---------- COLLECTED MATERIAL ----------
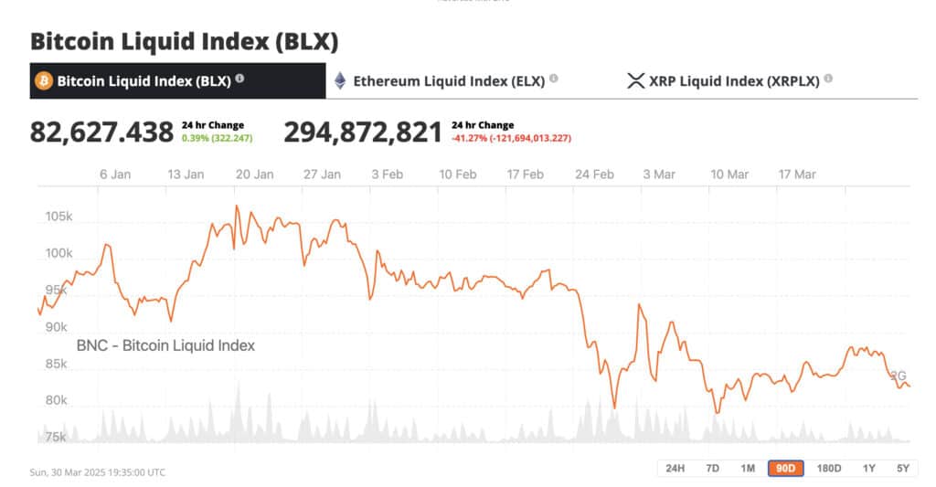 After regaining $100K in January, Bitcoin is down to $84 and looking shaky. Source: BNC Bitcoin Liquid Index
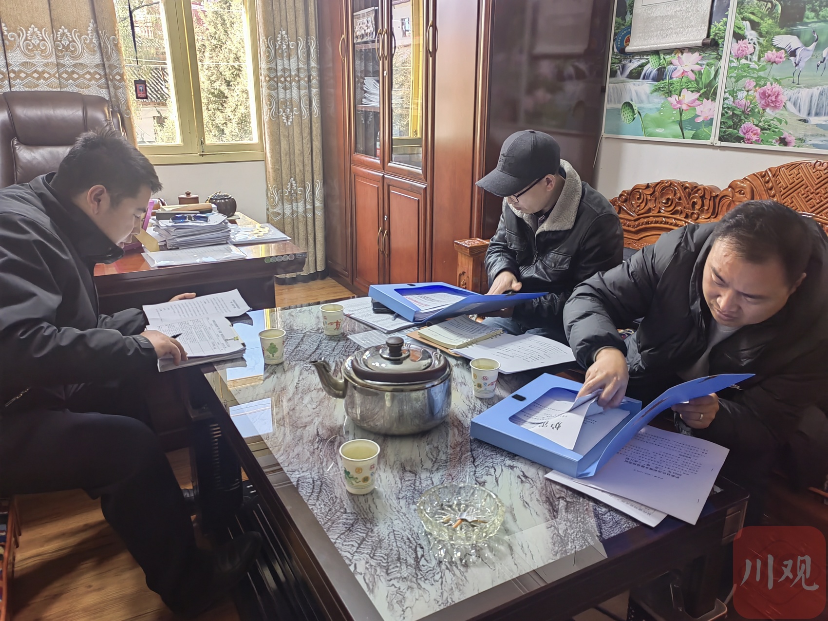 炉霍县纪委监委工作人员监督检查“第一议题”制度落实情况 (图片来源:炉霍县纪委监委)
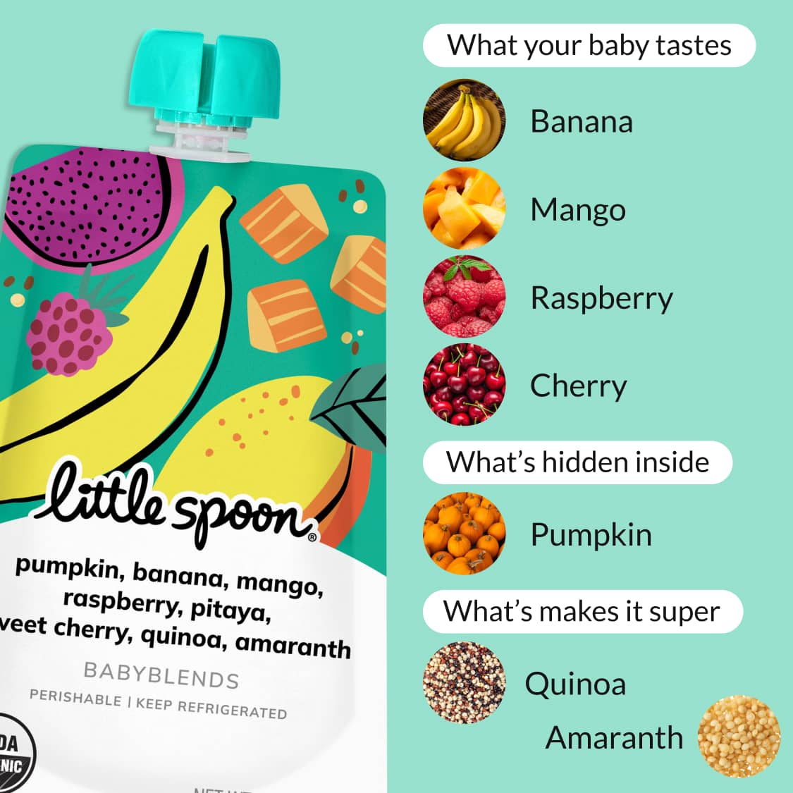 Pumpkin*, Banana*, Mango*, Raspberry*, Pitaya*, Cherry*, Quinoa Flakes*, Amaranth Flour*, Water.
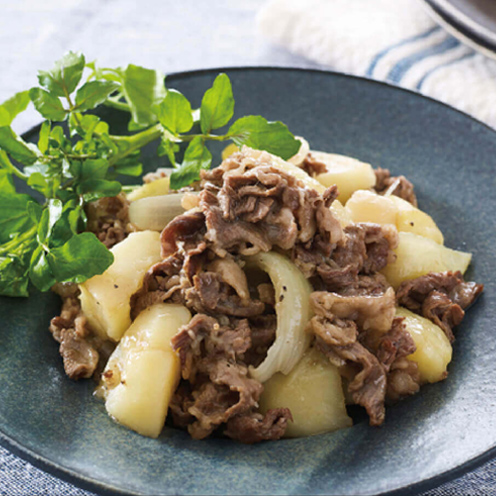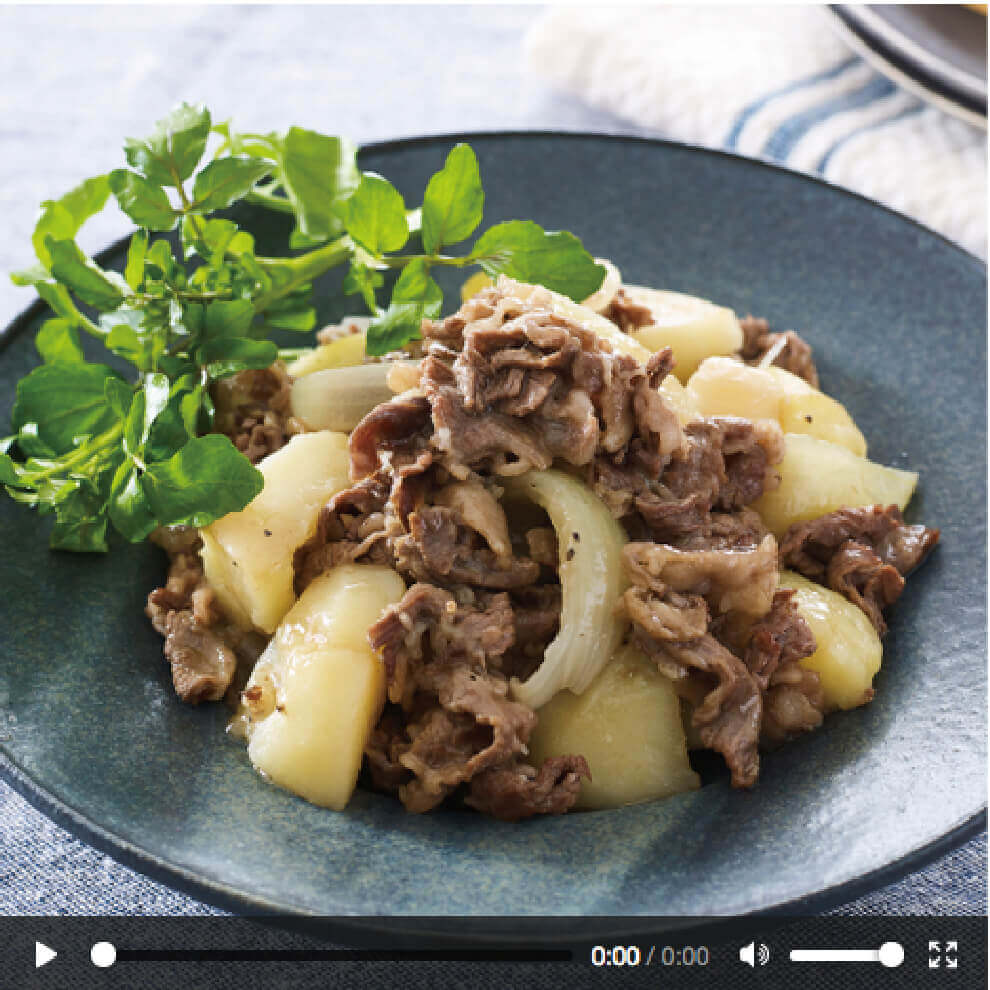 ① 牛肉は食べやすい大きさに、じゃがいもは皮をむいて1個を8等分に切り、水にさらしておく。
----------
WHAT TO PRODUCE
Copy the material exactly as written and leave every picture behind.

EXPECTED ANSWER
 After regaining $100K in January, Bitcoin is down to $84 and looking shaky. Source: BNC Bitcoin Liquid Index
 炉霍县纪委监委工作人员监督检查“第一议题”制度落实情况 (图片来源:炉霍县纪委监委)
 Pumpkin*, Banana*, Mango*, Raspberry*, Pitaya*, Cherry*, Quinoa Flakes*, Amaranth Flour*, Water.
 ① 牛肉は食べやすい大きさに、じゃがいもは皮をむいて1個を8等分に切り、水にさらしておく。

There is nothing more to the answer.